Provided data →
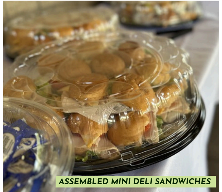
ASSEMBLED MINI DELI SANDWICHES

MINI SANDWICHES PRE-ASSEMBLED ON DOLLAR ROLLS WITH DELI SLICED MEATS, SLICED CHEESES, LETTUCE, TOMATOES, AND CONDIMENTS. DEFAULT OPTIONS ARE HAM & SWISS AND TURKEY & COLBY JACK
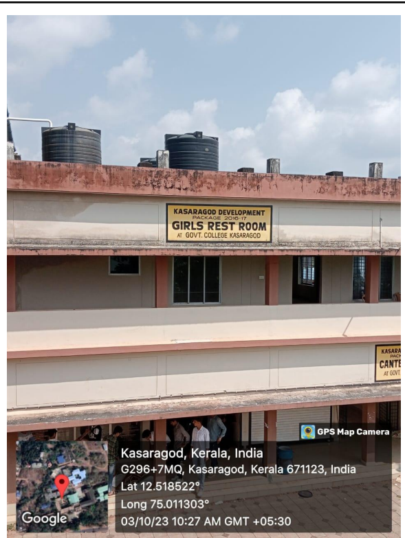
GIRLS REST ROOM
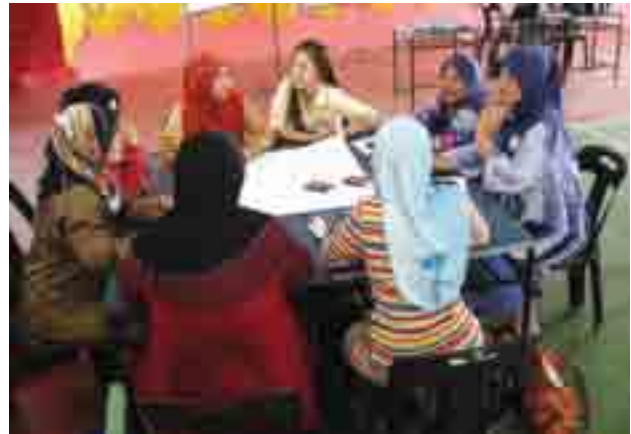
Top and above: The ladies learning the importance of communication, how to communicate effectively and clearly while being a good listener.

About this exercise →
Please retype all of the material exactly, skipping whatever images it holds.

Output of the task →
ASSEMBLED MINI DELI SANDWICHES

MINI SANDWICHES PRE-ASSEMBLED ON DOLLAR ROLLS WITH DELI SLICED MEATS, SLICED CHEESES, LETTUCE, TOMATOES, AND CONDIMENTS. DEFAULT OPTIONS ARE HAM & SWISS AND TURKEY & COLBY JACK
GIRLS REST ROOM
Top and above: The ladies learning the importance of communication, how to communicate effectively and clearly while being a good listener.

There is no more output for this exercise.